To get started on proper usage of the bot framework, refer to Manual:Pywikibot.

The contents of the package#

Bots and scripts#

Bots and Scripts

add_text.py

Adds text at the top or end of pages.

archivebot.py

Archives discussion threads.

basic.py

Is a template from which simple bots can be made.

blockpagechecker.py

Deletes any protection templates that are on pages which aren’t actually protected.

category.py

Add a category link to all pages mentioned on a page, change or remove category tags.

category_graph.py

Visualizes category hierarchy

category_redirect.py

Maintain category redirects and replace links to redirected categories.

change_pagelang.py

Changes the content language of pages.

checkimages.py

Check recently uploaded files. Checks if a file description is present and if there are other problems in the image’s description.

claimit.py

Adds claims to Wikidata items based on categories.

clean_sandbox.py

This bot resets a sandbox with predefined text.

commonscat.py

Adds {{commonscat}} to Wikipedia categories (or articles), if other language Wikipedia already has such a template.

commons_information.py

Insert a language template into the description field.

coordinate_import.py

Coordinate importing script.

cosmetic_changes.py

Can do slight modifications to a wiki page source code such that the code looks cleaner.

data_ingestion.py

A generic bot to do batch uploading to Commons.

delete.py

This script can be used to delete pages en masse.

delinker.py

Unlink file references of deleted images.

djvutext.py

Extracts OCR text from djvu files and uploads onto pages in the “Page” namespace on Wikisource.

download_dump.py

Downloads dumps from dumps.wikimedia.org

fixing_redirects.py

Correct all redirect links of processed pages.

harvest_template.py

Template harvesting script.

illustrate_wikidata.py

Bot to add images to Wikidata items.

image.py

Script to replace transclusions of files.

imagetransfer.py

Given a wiki page, check the interwiki links for images, and let the user choose among them for images to upload.

interwiki.py

A robot to check interwiki links on all pages (or a range of pages) of a wiki.

interwikidata.py

Script to handle interwiki links based on Wikibase.

listpages.py

Print a list of pages, defined by a page generator.

misspelling.py

Similar to solve_disambiguation.py.
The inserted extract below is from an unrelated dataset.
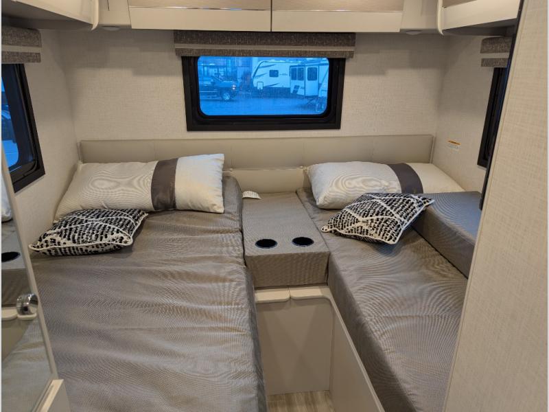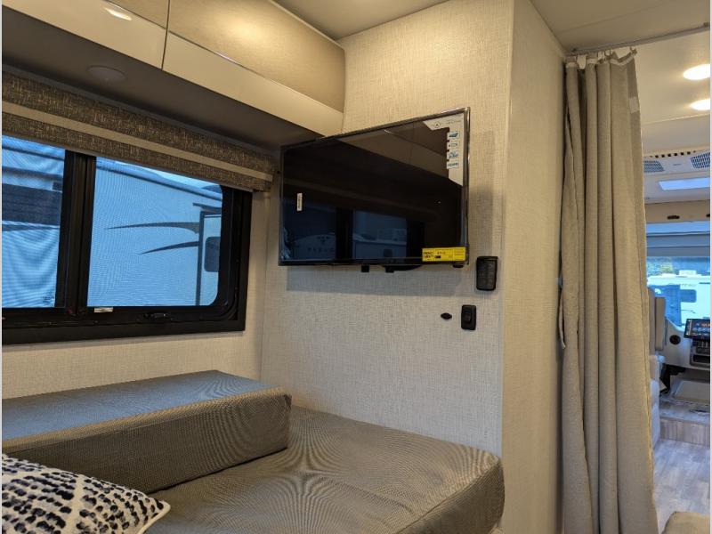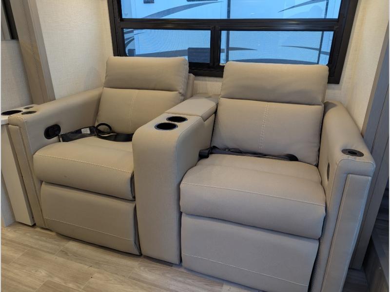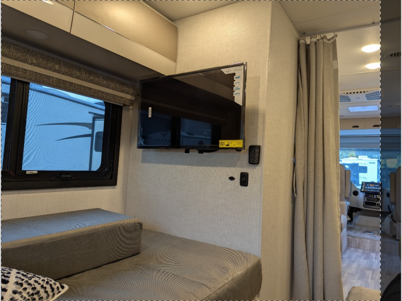 Wherever you decide to roam, you can be sure to make the most out of each trip in this coach! The swivel captain's seats can be turned to face the main living room once you park, and there is additional seating space on the theater seating. There is even a 32" Smart TV across from the sofa to enjoy movies! It will be so easy to make meals with a two burner gas cooktop and convection microwave with an air fryer, plus there is a 12V double door refrigerator for cold items. A full bath will let you freshen up after a day of exploring, and the rear bedroom with a privacy curtain is sure to bring comfort. Here, you'll enjoy twin beds with a king bed conversion, a USB power charging center for your electronics, and a 32" Smart TV so you can watch shows in bed!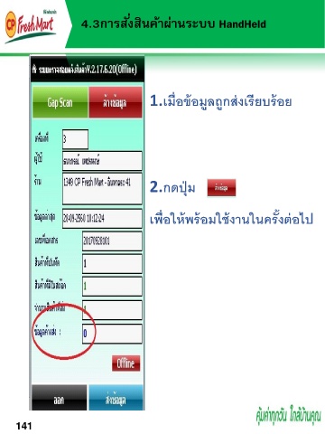 4.3กำรสั่งสินค้ำผ่ำนระบบ HandHeld 1.เมื่อข้อมูลถูกส่งเรียบร้อย 2.กดปุ่ม เพื่อให้พร้อมใช้งานในครั้งต่อไป 141

It is supposed to fix links that contain common spelling mistakes.

movepages.py

Bot that can move pages to another title.

newitem.py

Script creates new items on Wikidata based on criteria.

noreferences.py

Searches for pages where <references /> is missing although a <ref> tag is present, and in that case adds a new references section.

nowcommons.py

This bot can delete images with NowCommons template.

pagefromfile.py

This bot takes its input from a file that contains a number of pages to be put on the wiki.

parser_function_count.py

Find expensive templates that are subject to be converted to Lua.

patrol.py

Obtains a list pages and marks the edits as patrolled based on a whitelist.

protect.py

Protect and unprotect pages en masse.

redirect.py

Fix double redirects and broken redirects. Note: solve_disambiguation also has functions which treat redirects.

reflinks.py

Search for references which are only made of a link without title and fetch the html title from the link to use it as the title of the wiki link in the reference.

replace.py

Search articles for a text and replace it by another text. Both text are set in two configurable text files. The bot can either work on a set of given pages or crawl an SQL dump.

replicate_wiki.py

Replicates pages in wiki to a second wiki within family

revertbot.py

Script that can be used for reverting certain edits.

solve_disambiguation.py

Interactive robot doing disambiguation.

speedy_delete.py

Help sysops to quickly check and/or delete pages listed for speedy deletion.

template.py

Change one template (that is {{…}}) into another.

templatecount.py

Display the list of pages transcluding a given list of templates.

touch.py

Bot goes over all pages of the home wiki, and edits them without changes.

transferbot.py

Transfers pages from a source wiki to a target wiki.

transwikiimport.py

Transfers pages from a source wiki to a target wiki including edit history using API:Import.

unusedfiles.py

Bot appends some text to all unused images and other text to the respective uploaders.

unlink.py

This bot unlinks a page on every page that links to it.

upload.py

Upload an image to a wiki.

watchlists.py

Allows access to the account’s watchlist.

weblinkchecker.py

Check if external links are still working.

welcome.py

Script to welcome new users.

Maintenance#

maintenance

Framework helper scripts

addwikis.py

Script to add wikis to a family file.

cache.py

Script for showing and deleting API cache.

colors.py

Utility to show pywikibot colors.

make_i18n_dict.py

Generate an i18n file from a given script.

unidata.py

Updates _first_upper_exception_dict in tools.unidata

External packages could be required with Pywikibot:

The pwb.py wrapper scripts informs about the requirement and how to install.

Script descriptions#

Scripts changes#

Scripts Changelog#

10.0.0#

  • Require Python 3.8 or higher

  • Require Pywikibot 10.0.0

dataextend#
  • Script was removed from repository

9.6.1#

  • Require Pywikibot 9.6.1 (T358635)

  • i18n updates

9.6.0#

  • i18n updates

create_isbn_edition#
dataextend#
  • The script is deprecated and will be removed from script package with Pywikibot 10.

replace#
  • Strip newlines from pairsfile lines (T378647)

weblinkchecker#
  • Remove unused error parameter from History.log() method (T380693)

9.5.0#

  • i18n updates

interwiki#
  • Remove -repository option which was never implemented in core

9.4.1#

  • import scripts from pywikibot-scripts if site-package is installed (T377056)

  • i18n updates

9.4.0#

delinker#
  • Use difflib.get_close_matches() to find the closest image match

  • Add -category option to work from given category and look for the latest file deletion first (T372206)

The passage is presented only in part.